As an undergraduate, I minored in creative writing and looked up to the MFA students at North Carolina State University. I wanted to be just like them, but that degree felt further and further away as I moved into the corporate workforce to follow a very traditional life trajectory. After my husband passed away, I realized that all of my “safe” choices didn’t protect me from complete heartbreak. So, I sent off a slew of applications to funded programs and figured something would work out if it was meant to be. I ended up at UC Riverside, and have just finished my MFA in creative nonfiction. UCR introduced me to amazing faculty and peers. While I’m also blessed to have a writing family outside of academia in Austin, studying with such a diverse group of writers has helped me more than I ever could have predicted.

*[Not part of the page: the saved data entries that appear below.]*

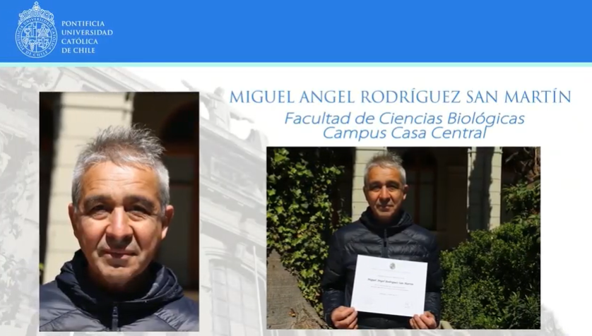 “Aún recuerdo ese día martes 26 de noviembre de 1995 que entré a este recinto educacional a trabajar en el Bioterio. Ya cumplido ese año me reincorporé al laboratorio de reproducción y desarrollo que estaba en el 5ª piso, cumpliendo otra labor de estafeta y auxiliar de aseo. La mayoría de las personas me tomaron estima y fui aprendiendo muchas cosas interesantes; también aprendí a cambiar mis modos y formas de vivir. En estos 25 años he conocido gente formidable y he visto pasar a muchos estudiantes que hoy son grandes científicos. También he visto jubilarse a profesores, bioquímicos, secretarias, administrativos y también a otros que se fueron para siempre”, Miguel Ángel.
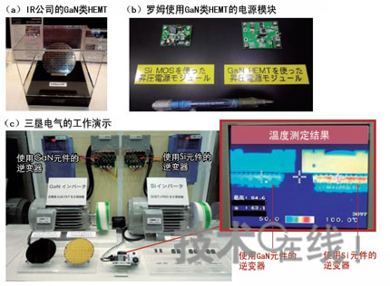 為了降低成本,使用Si底板的展出接連不斷。IR展出了形成有GaN類HEMT的晶圓(a)。羅姆也首次試制使用Si底板的GaN類HEMT并展出了電源模塊(b)。三墾電氣使用配備有6個SBD內(nèi)置GaN類FET的逆變器驅(qū)動200V、2.2kW的3相交流馬達,與利用配備Si制IGBT和FRD的逆變器進行驅(qū)動時逆變器表面溫度的變化進行了比較(c)。左側配備GaN元件的逆變器損失小且溫度低。美國國際整流器公司(International Rectifier,IR)宣布在2009年內(nèi)投入實用。首先投產(chǎn)的將是使用耐壓僅為數(shù)十V的GaN類HEMT的POL電源模塊,為無需加載柵極電壓即可導通的“常開”型。
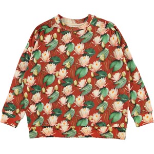 Mandy is a brown sweatshirt with a print of pink water lilies and green leaves. The sweatshirt has a wide fit.
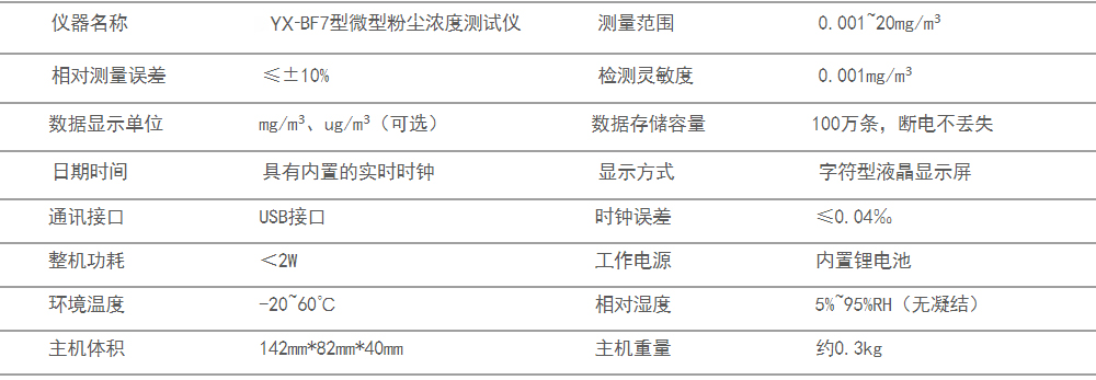 YX-BF7型微型粉尘浓度测试仪产品参数详情如下

Really though, the biggest gift of the MFA has been to trust myself as a writer. I took a huge jump out of my comfort zone in corporate online marketing to move halfway across the country and try to set my placard out as a professional writer. Graduate school taught me to sharpen my instinct for what’s working (and what isn’t), and develop my own process. I can’t point to a single person or technique at UCR that’s been a magic fix for my writing, but this is a far better outcome. Because now I can take the tools I’ve learned, mesh them with my work, and continue to grow after the degree is finished.

You likely know that our name refers to the spring mud season in New England, the time when the hidden labor of creation is done, before it comes to fruition. What do you appreciate about mud season, personally or artistically?

Writers seem to live in a perpetual mud season. We spend all of this time with our work, and even when the toil of production is finished there’s a long process before it breaks ground to a public readership-if it ever does. I always joke that I’m a typical Type-A, workaholic Capricorn. Waiting is hard for me. I’m not primed to love mud season, but there’s a sort of magic when you’re on the eve of something. Anything can happen. I try to hold that moment in my hands and give myself permission to dream a little before I’m brought back down to the reality of whatever comes next.

What writers inspire you? Who do you go back to again and again?

David Sedaris taught me to love nonfiction. I still think he’s the master of perfecting the line between dark humor and darkness, and will never stop returning to his early essays. Emily Rapp Black, Helen MacDonald, and Paul Lisicky have done some of the best writing on grief that I’ve found. They gave me permission to complicate the narrative. I’ve worked a lot with Susan Straight on my memoir, and she has more passion for the craft of writing than anyone I’ve ever met. If you spend ten minutes with her, you’ll walk away with at least five great book suggestions and enough enthusiasm to finish that daunting chapter or finally revise a scene that’s been bugging you. I’m really excited about her memoir, In The Country of Women, that’s coming out this summer.

By Lauren Mauldin

Lauren Mauldin is an MFA candidate in creative nonfiction at the University of California Riverside, and editor for The Plaid Horse magazine. Her work has appeared in the Los Angeles Times, Modern Loss, and the Los Angeles Review of Books among other publications. She has recently finished her first book, Animalistic, a memoir about losing her husband to opioid addiction.